### Work instructions
Output the lines of the records exactly, from the first through the one containing "링크로 3in1 맥세이프충전기". Omit all pictures.
── Study material ──
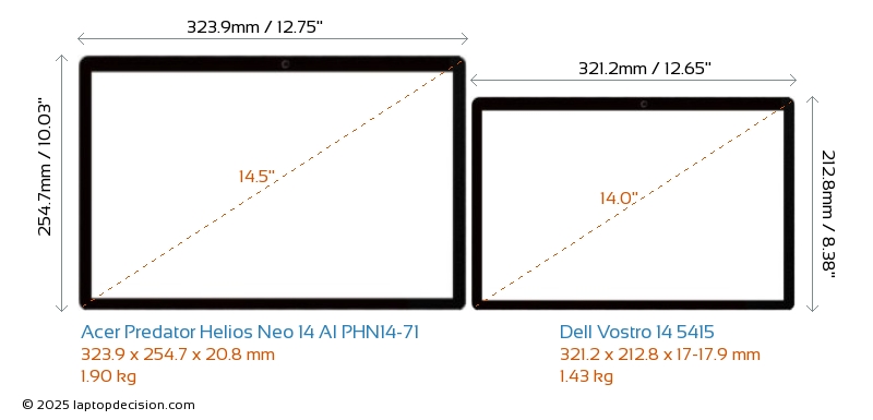 HDMIBoth Predator Helios Neo 14 AI PHN14-71 and Vostro 14 5415 feature an HDMI port. Predator Helios Neo 14 AI PHN14-71 offers 1x HDMI 2.1, while Vostro 14 5415 offers 1x HDMI 1.4.
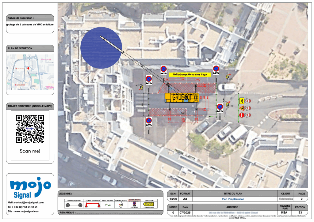 Chez Mojo Signal, nous plaçons la sécurité au cœur de vos chantiers. Nous mettons en œuvre nos plans techniques et les autorisations de voirie pour assurer une intervention conforme et sécurisée. Ensuite, nous accompagnons vos projets avec notre chantier mobile, en déployant des équipements adaptés : barrières, plots, panneaux et plus encore.
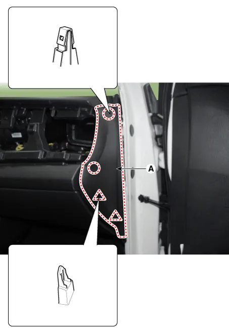Remove the crash pad side cover (A).
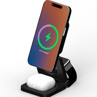 링크로 3in1 맥세이프충전기 무선충전기 핸드폰 아이폰 애플워치 접이식 멀티 고속 거치대, 1개, 매트 블랙
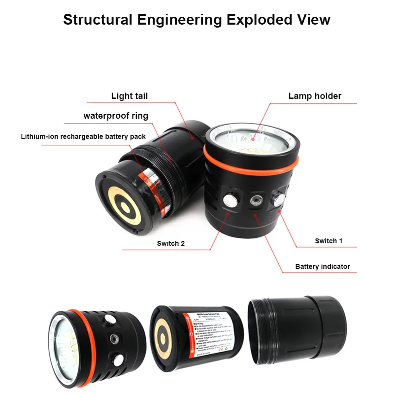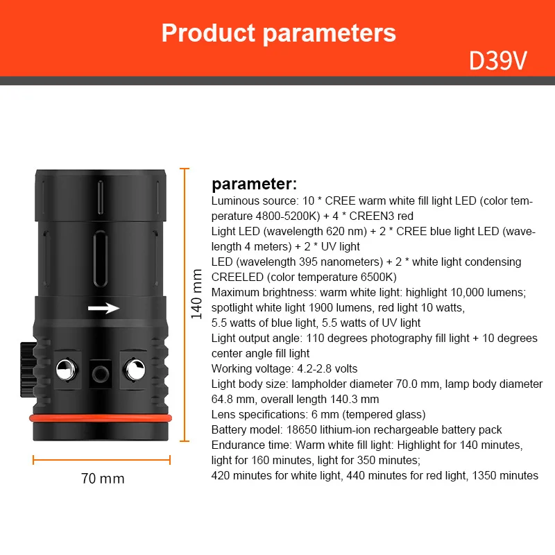 Модель: D39V Многофункциональный подводный фотографический светильник Лампа: 10 * CREE теплый белый заполняющий светильник светодиодный (Цветовая температура: 4800-5200K) 4 * CREE N3 красный светильник светодиодный (длина волны: 620 нм) 2 * CREE синий светильник светодиодный (длина волны: 455 нм) 2 * CREE фиолетовый светильник светодиодный (длина волны: 395нм) 2 * CREE белый Светодиодный прожектор (Цветовая температура: 6500K) Максимальная яркость: теплый белый (максимум 10000 люменов) Красный светильник (макс. 10 Вт) Синий светильник (макс. 5,5 Вт) Фиолетовый светильник (макс. 5,5 Вт) Белый прожектор (макс. 1900 люменов) Время работы: теплый белый заполняющий светильник: высокий 140 мин, средний 160 мин, низкий 350 мин Белый прожектор: 420 мин Красный светильник: 440 мин Синий светильник: 1350 мин Фиолетовый светильник: 1350 мин Угол светильник луча: 110 ° обращаем ваше внимание, заполнить светильник + 10 ° центр угол заполнения светильник Управление напряжение: 4,2 V до 2,8 V Размер корпуса лампы: 70,0 мм (диаметр головки лампы) * 64,8 мм (диаметр корпуса лампы) * 140,3 мм (длина) Характеристики линз: 6 мм (закаленное стекло) Тип батареи: литий-ионный аккумулятор 18650 Вес в воздухе: около 524. (w/o батарея); 857 г. (w/батарея) Вес под водой: около 425 г (Вт/аккумулятор) Водонепроницаемость: 100 м под водой Материал корпуса: прочный авиационный алюминий Обработка поверхности: Жесткий анодированный премиум-Тип III Цвет: черный Защита от перегрузки батареи, защита от полярности
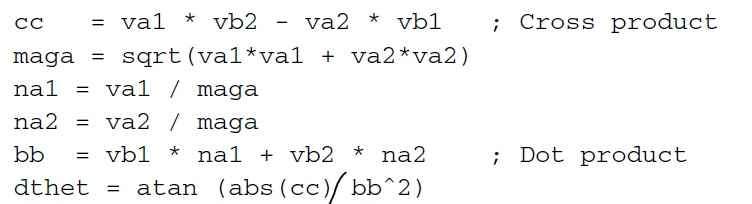 图中:va1和va2为二维向量a的两个分量,vb1和vb2为二维向量b的两个分量。 问题1. dthet的物理意义是什么,它是向量a和b的哪个夹角吗,是不是具有方向? 问题2. dthet这个公式是如何推导得出来的? 发自小木虫Android客户端 |
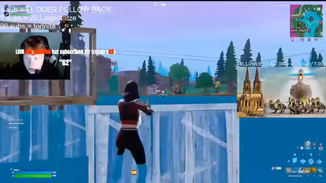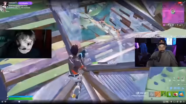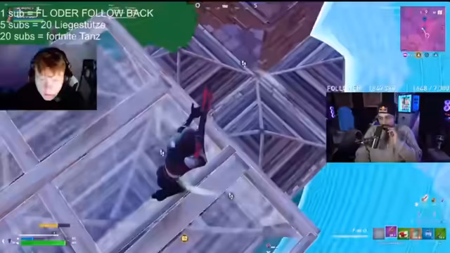 01:31:05Die Hälfte des Streams besteht aus Live-Simulationen von Fortnite-Spielen. Der Streamer und sein Partner ("Mate") spielen in verschiedenen Duos-Lobbys, kämpfen um Kills und eine Platzierung in der Rangliste. Es werden taktische Entscheidungen, Loot-Management und endgültige Kämpfe geschildert. Während der Gameplay-Pausen unterhält sich der Streamer mit dem Chat über die aktuelle Performance der Spieler, die gelesenen Kommentare und gibt Tipps. Zwischendurch werden auch persönliche Anekdoten, wie ein bevorstehender Golf-Plausch mit Riesen und Gripple, geteilt.
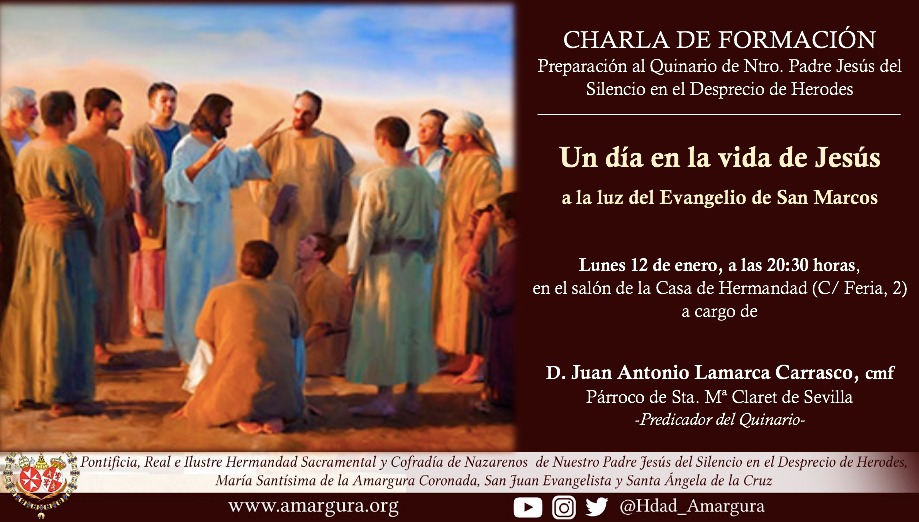 El lunes 12 de enero, a las 20:30 horas, la diputación de formación ha organizado una charla como preparación al quinario de Ntro. Padre Jesús del Silencio. En la misma, que será cercana y breve, podremos mantener un coloquio con el predicador, D. Juan Antonio Lamarca, cmf, y adentrarnos a los pasajes de la Sagrada Escritura que leeremos durante los cultos.
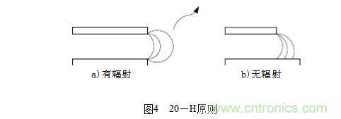 (1)20-H原則,決定印制線條間的距離,表述如下:所有的具有一定電壓的PCB都會向空間輻射電磁能量(如圖4a),為減小這個效應(yīng),PCB的物理尺寸都應(yīng)該比最靠近的接地板的物理尺寸小20H(其中H是兩層PCB的間距),即3mm左右,這樣可使輻射強(qiáng)度下降70%(如圖4b)。20-H原則示意圖如圖4所示:
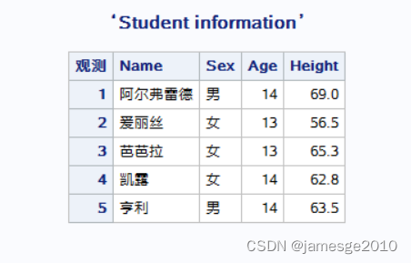 PROC PRINT DATA=SASHELP.CLASS
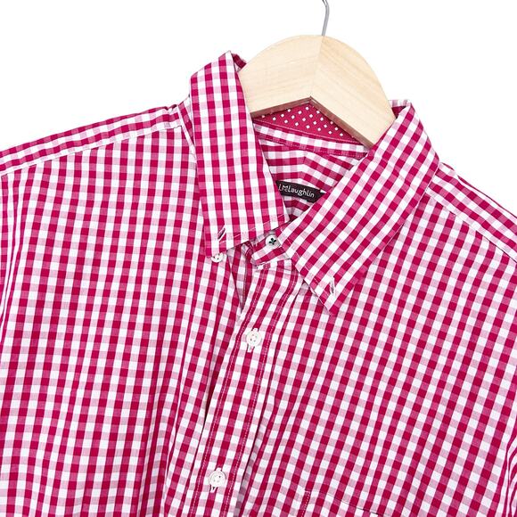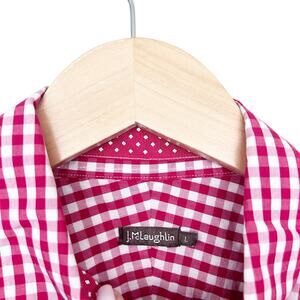 J. McLaughlin Red White Plaid Long Sleeve Button Down Sz L
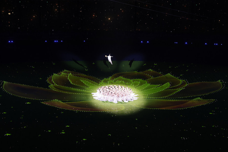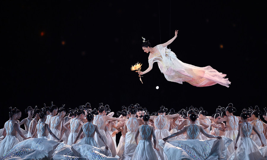2023年10月8日,演员在杭州亚运会闭幕式上表演。新华社记者 程敏 图
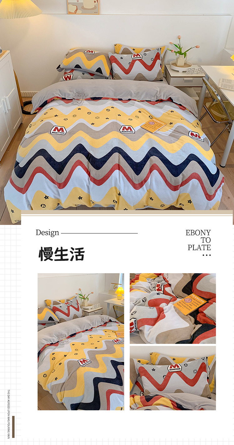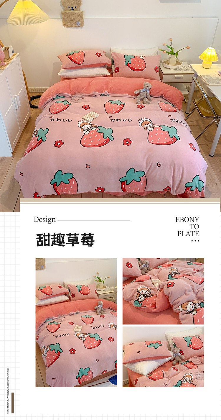 (总)澳萝拉2021高克重卡通清新牛奶绒四件套水晶法莱绒
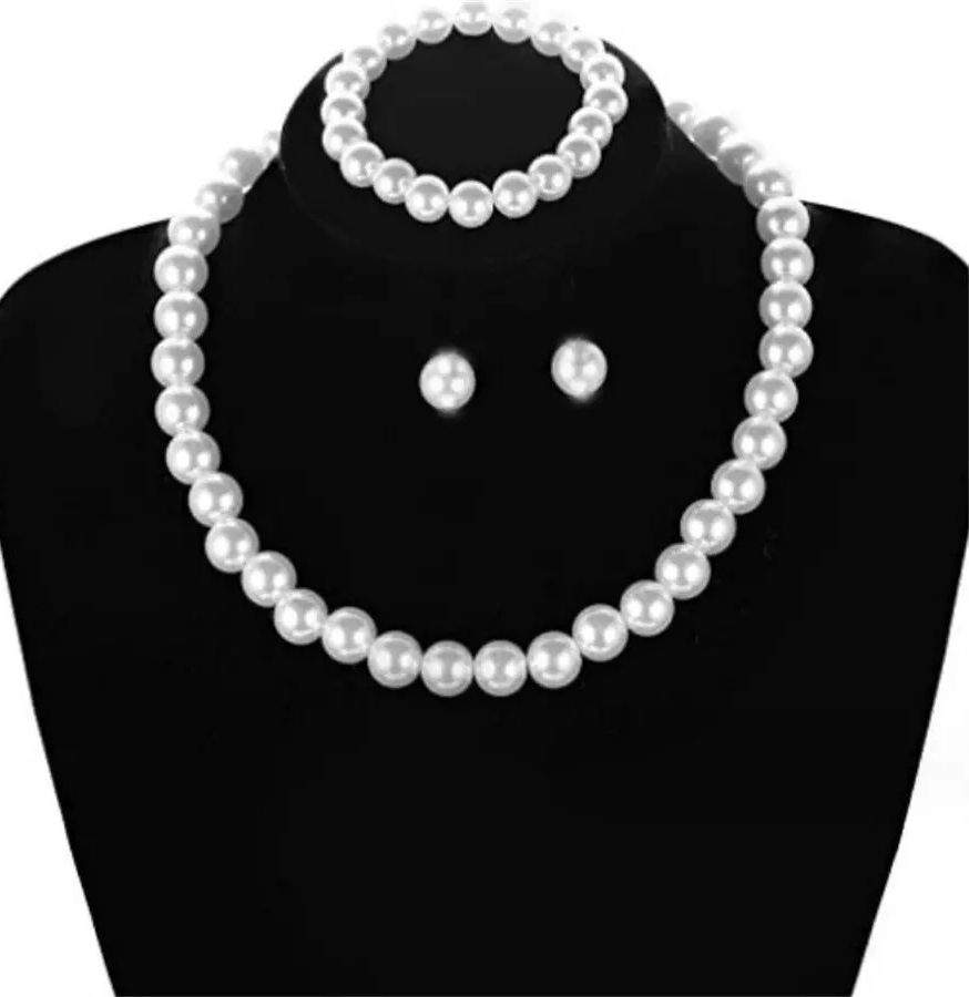 perłowy ZESTAW naszyjnik kolczyki i bransoleta na gumce klasyczny perłowy
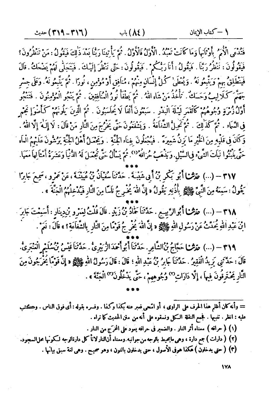 317 - (191) حَدَّثَنَا أَبُو بَكْرِ بْنُ أَبِي شَيْبَةَ، حَدَّثَنَا سُفْيَانُ بْنُ عُيَيْنَةَ، عَنْ عَمْرٍو، سَمِعَ جَابِرًا، يَقُولُ: سَمِعَهُ مِنَ النَّبِيِّ صَلَّى اللهُ عَلَيْهِ وَسَلَّمَ بِأُذُنِهِ، يَقُولُ: «إِنَّ §اللهَ يُخْرِجُ نَاسًا مِنَ النَّارِ فَيُدْخِلَهُمُ الْجَنَّةَ»
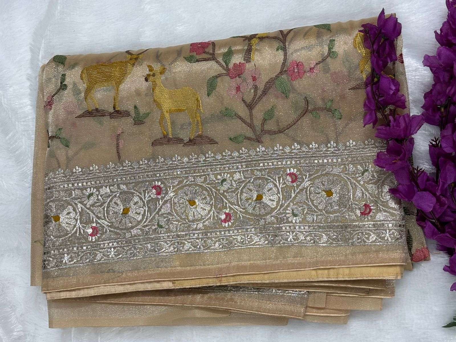 Cream Deer motifs Tissue Saree with German Silver Border
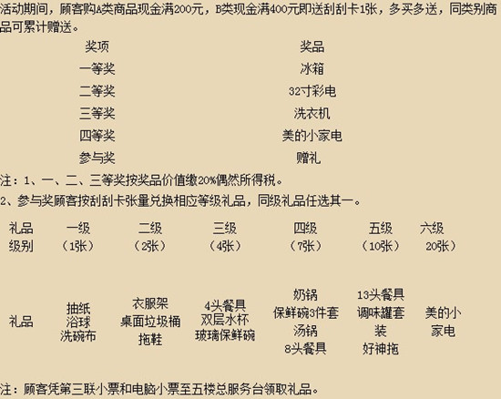 活動期間,累計購化妝、穿著類商品滿3000元,黃金珠寶家電滿8000元即贈港澳雙人六日游名額一個(顧客憑第四聯(lián)小票領(lǐng)取,數(shù)量有限,贈完為止)。
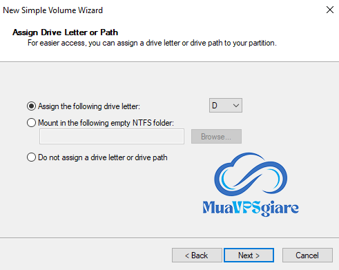 Ở bước này, bạn chọn chữ cái đại diện cho ổ đĩa mới (ví dụ: E, F,…). Chọn xong thì bấm Next để sang bước tiếp theo.
───
### The completed task
 HDMIBoth Predator Helios Neo 14 AI PHN14-71 and Vostro 14 5415 feature an HDMI port. Predator Helios Neo 14 AI PHN14-71 offers 1x HDMI 2.1, while Vostro 14 5415 offers 1x HDMI 1.4.
 Chez Mojo Signal, nous plaçons la sécurité au cœur de vos chantiers. Nous mettons en œuvre nos plans techniques et les autorisations de voirie pour assurer une intervention conforme et sécurisée. Ensuite, nous accompagnons vos projets avec notre chantier mobile, en déployant des équipements adaptés : barrières, plots, panneaux et plus encore.
Remove the crash pad side cover (A).
 링크로 3in1 맥세이프충전기 무선충전기 핸드폰 아이폰 애플워치 접이식 멀티 고속 거치대, 1개, 매트 블랙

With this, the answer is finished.